_Work item_
Exactly repeat all the records below, omitting the images they hold.

_Supplied material_
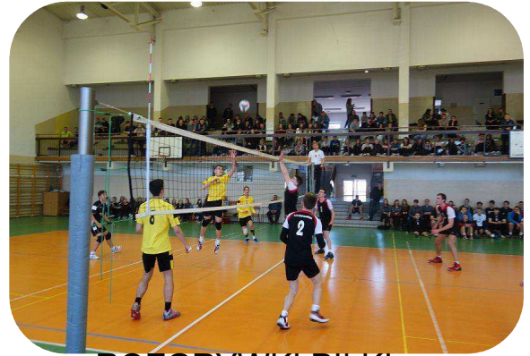
ROZGRYWKI PIŁKI SIATKOWEJ
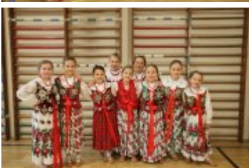
• 2019-11-18-Górale i Krakowiacy
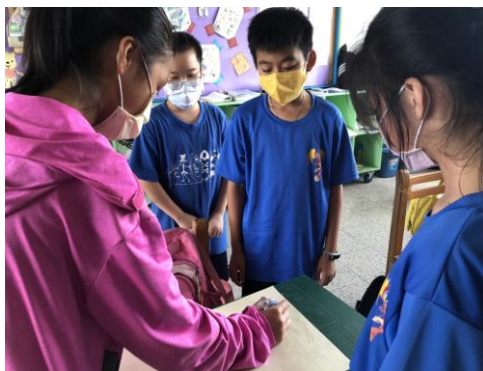
說明：小組討論與表達
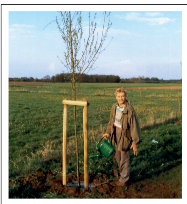
1999: Die Silberweide
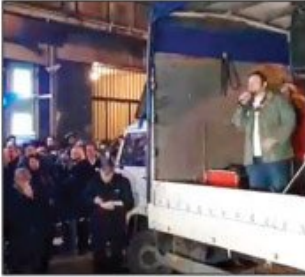
Ocene na protestu jednog od govornika o Pravnom fakultetu u Beogradu izazvale brojne reakcije
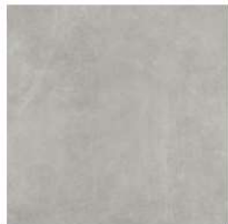
Perfect GC 02

_Response to this exercise_
ROZGRYWKI PIŁKI SIATKOWEJ
• 2019-11-18-Górale i Krakowiacy
說明：小組討論與表達
1999: Die Silberweide
Ocene na protestu jednog od govornika o Pravnom fakultetu u Beogradu izazvale brojne reakcije
Perfect GC 02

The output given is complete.